When Navneet Alang takes the stage as part of the New Network Innovation Lab at the MIT Media Lab tomorrow, he’ll share an unusual insight: his research group at the University of Illinois has built a “virtual AR stand-in for world mapping.”
Published in the journal Nature this week, this research might not sound like the most exciting and groundbreaking thing, but it’s actually key in demonstrating how intelligent, emotional machine learning can be harnessed in order to discover and understand our world in new and interesting ways.
Our world, of course, has changed significantly in recent years. A majority of new inventions — such as smartphones, audio visual devices and self-driving cars — do not use human-directed, analog tools such as physical maps or images in order to teach machines what’s real. Instead, they rely on a set of immutable, computer-driven and automated models.
Think about how your smartphone’s landscape map auto-erases roads when it comes across an unmarked, unmarked or unrecognized junction. Or imagine you’re standing by a dead end, and a 4-wheeled car drives into the ditch next to you. That, or a robot disrupts you on a grocery store aisle as you push to the back so you can clear the books out of the way, only to arrive back in front and knock over your coffee.
Where this stuff gets interesting, and where machine learning can lead to big changes, is when technology and humans are joined. This occurs because humans and machines are both looking at the same world. Recognizing faces and approaching people is extremely difficult, but it’s also a difficult task for computers to achieve. That’s why we rely on the “fake it till you make it” approach. Humans recognize faces because they can actually smell the difference between someone in the crowd and an avatar. That’s why a two-person conversation consists of talking to one person and listening to the other, and it’s also why we send a greeting card.
In this AI world, the potential for future breakthroughs increases because many of today’s applications and tools are derived from some form of AI. There are undoubtedly many years of research left to complete. All machine learning technology uses a narrative approach to classify a disparate sea of information, but computers are unable to recognize pictures, textures and other information that are unique to a specific object or scene. To get around this problem, research teams are designing models that use neural networks. These networks recognize not only photos and video but human-directed tasks, including the idea of participating in conversation.
In other words, while computers are indeed able to identify faces in a video stream (a capability they’re often able to do without training — the brain’s way of describing information), they have no way of distinguishing a person’s vocal action from that of a computer-generated person’s. That’s why radio speech recognition systems rely heavily on facial recognition and how they respond to facial emojis (like the crying-laughing-scream face).
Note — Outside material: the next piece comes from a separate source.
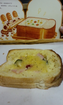 JUGEMテーマ:*食べ物の写真* ご来店くださったお客さま、 中央病院の売店や、外販や、上越地域振興局の生協でお求めくださったお客さま、 ありがとうございました。 昨日のブログで、絵本『パンのおうさまとシチューパン』のことを書きましたが、 今日の夕方、仕事が一段落したので、シチューパンを作ってみましたよ☆ 牧場の食パン、ベシャメルソース、彩り野菜、ハムとチーズ!!! ちょっと、パンの厚さが足りませんが・・・・・ 美味しくできました!! 『パンのおうさまのシチューパン』と名付...
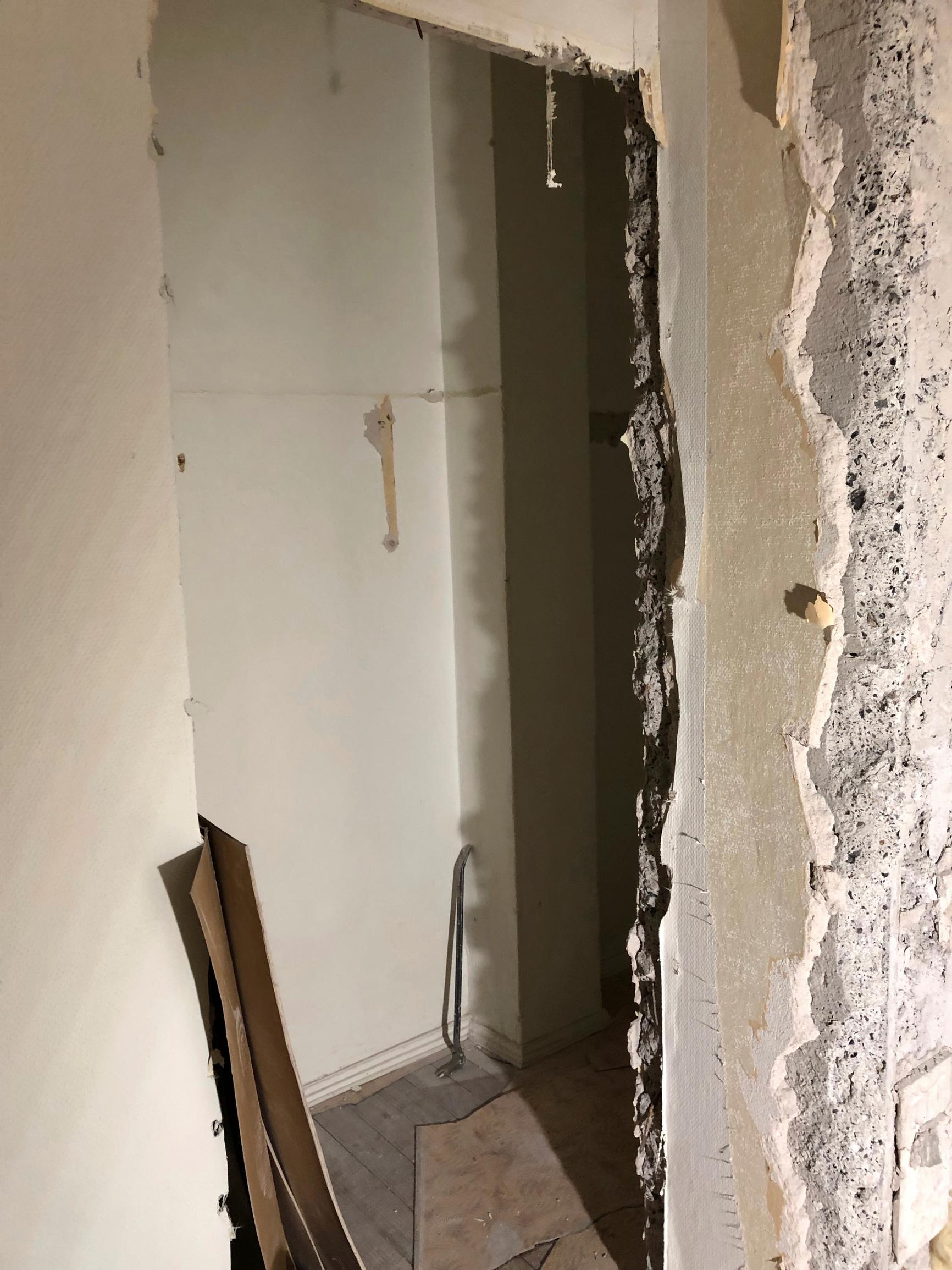 Muutostyöt teki Ekmanin remontti ja maalaus. Käsikirjoituksena toimi lopulta kylpyhuonekaluste-esitteen kanteen piirtämäni tilankäyttösuunnitelma, jota muokattiin lennossa. Vesiputki piti vetää kodinhoitotilaan paksun betoniseinän läpi. Tila vesieristettiin ennen laatoittamista, mutta lattiakaivoa ei taloyhtiön järjestämän ulkopuolisen valvojan mielestä tarvittu.

Meanwhile, the Audi Video Image Recognition Research Group at Audi AG has been taking a different approach by building facial recognition to the point where it can identify people who don’t answer their phone — an important piece of good luck in congested places.
Even within the photo and video processing arenas, there are bright spots: The Microsoft Cognitive Services SDK was recently installed to improve image and video recognition capabilities in devices and, according to the company, “will fundamentally change the way people and machines interact in the years to come.”
But there is still much work to be done. Scientists and engineers continue to develop cognitive algorithms that can tell people that because we are standing next to each other, that will add value.
Research like these will aid our collective understanding of our world as it changes. And it will lead to greater awareness for those facing existential challenges, such as the homeless population in San Francisco, who rely on data for survival.
This is what inspires me and others in the field of AI. Humanistic AI is the first step in realizing the promise of the remarkable future we can create together.